2.3. EEG data acquisition

2.4. EEG analysis

The analytical procedures for investigating the temporal variability between ASDs and TDs, as well as between pre- and post-treatment ASDs are briefly exhibited in figure 1, which included the rTMS experimental details (figure 1(a)), the temporal variability analysis (figure 1(b)), and the prediction of the long-term rTMS efficacy (figure 1(c)). Details of related sub-procedures are further described below.

2.4.1. EEG preprocessing

The EEG data were pre-processed following the standard procedures. Concretely, the raw EEG datasets were re-referenced to the 'zero' (Yao 2001) by using the reference electrode standardization technique toolbox (Dong et al 2017). Afterwards, independent component analysis (Cardoso 1997) was conducted, followed by [1, 4] Hz (delta), [4, 8] Hz (theta), [8, 13] Hz (alpha), and [13, 30] Hz (beta) offline band-pass filtering, respectively. Therein, one patient was excluded due to extensive head and body motion.

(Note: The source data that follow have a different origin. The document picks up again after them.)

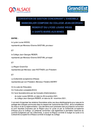 CONVENTION DE GESTION CONCERNANT L'ENSEMBLE IMMOBILIER COMPOSE DU COLLEGE JEAN-GEORGES REBER ET DU LYCEE LOUISE WEISS A SAINTE-MARIE-AUX-MINES
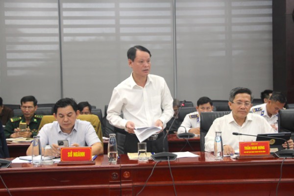 Đại tá Phan Văn Thí, Phó Chỉ huy trưởng Bộ đội Biên phòng TP Đà Nẵng báo cáo tại buổi làm việc.
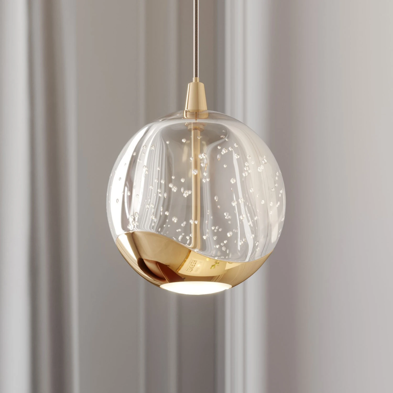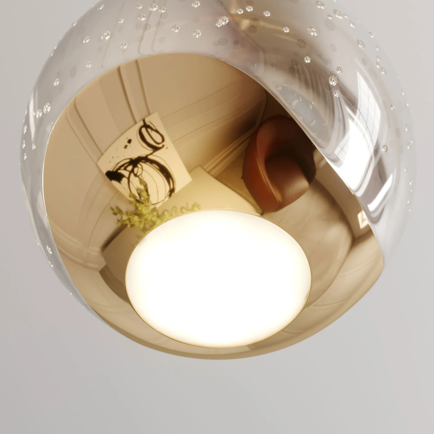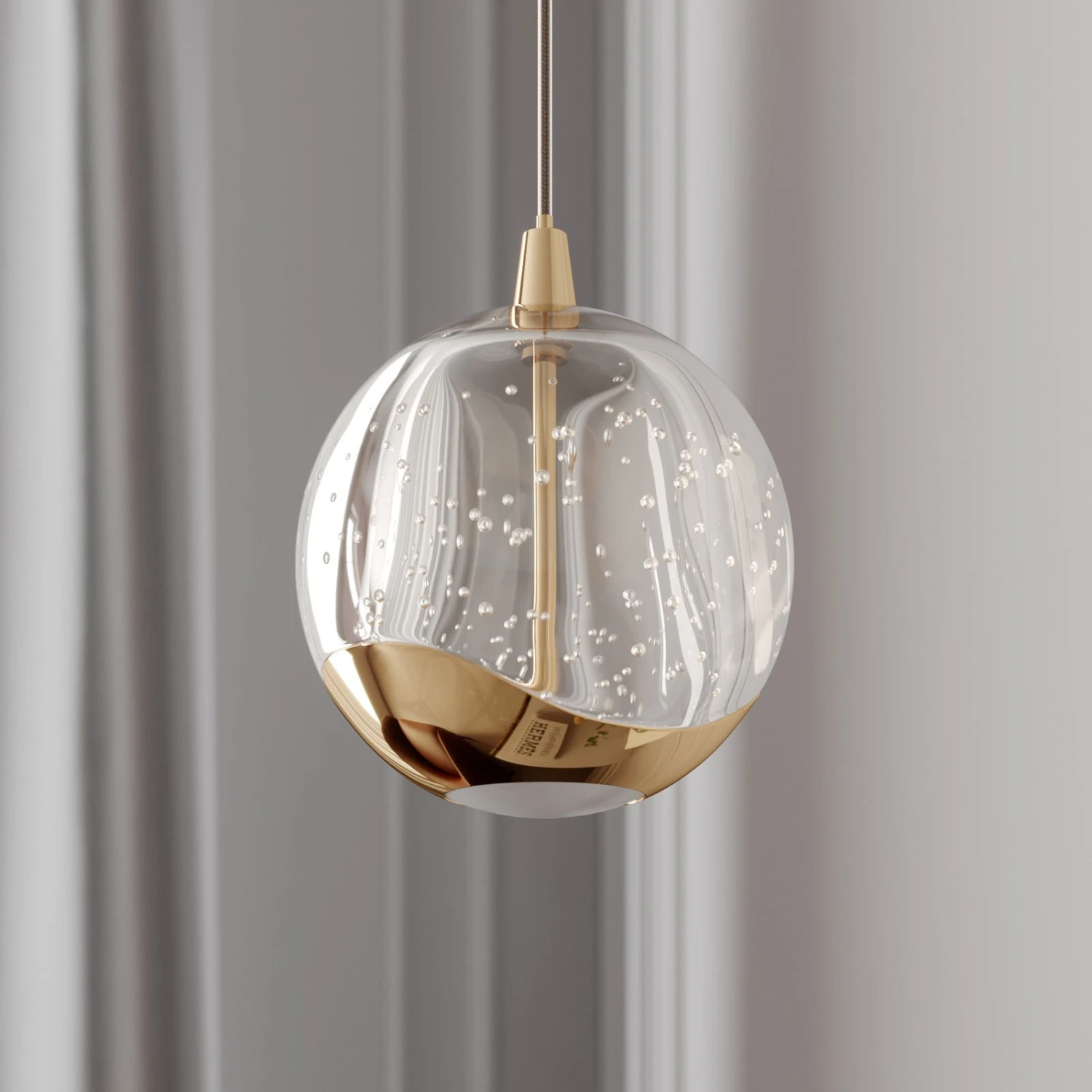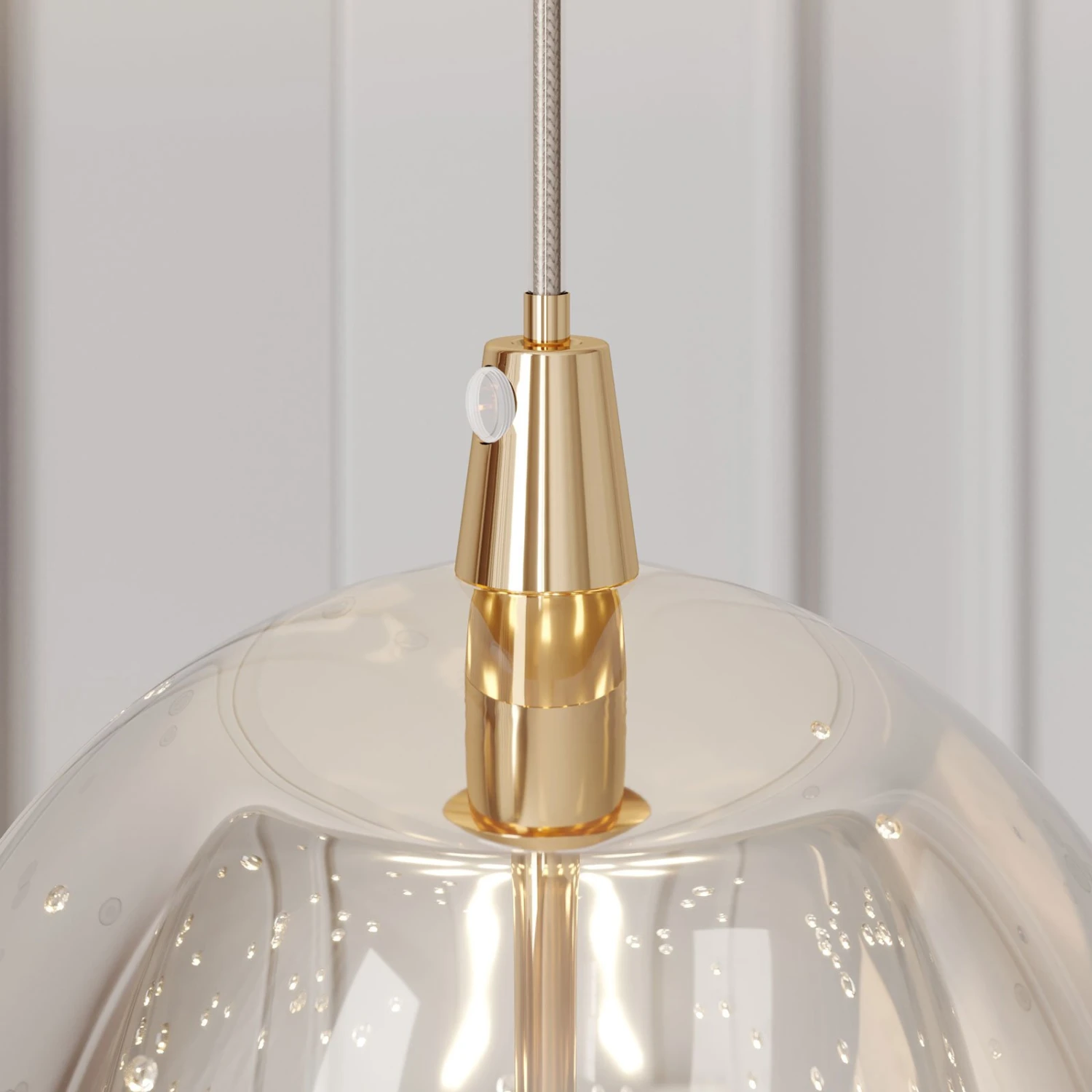 Kugelförmige LED-Hängeleuchte Hayley mit goldfarbenen Elementen und einem Schirm aus Glas mit Blasenstruktur

2.4.2. Dynamic resting-state networks

The time-resolved resting-state network within the delta (1–4 Hz), theta (4–8 Hz), alpha (8–13 Hz), and beta (13–30 Hz) bands were first constructed for both ASDs and TDs, respectively. Specifically, using a 20 s sliding-window approach with an overlapping of 98%, we constructed the time-varying networks with a 400 ms temporal resolution. Thereinto, for each segment, the phase-locking value (PLV) that can estimate the inter-regional phase synchronization (Sakkalis 2011) was adopted to assess the synchronized strengths (Li et al 2015, Zhang et al 2015).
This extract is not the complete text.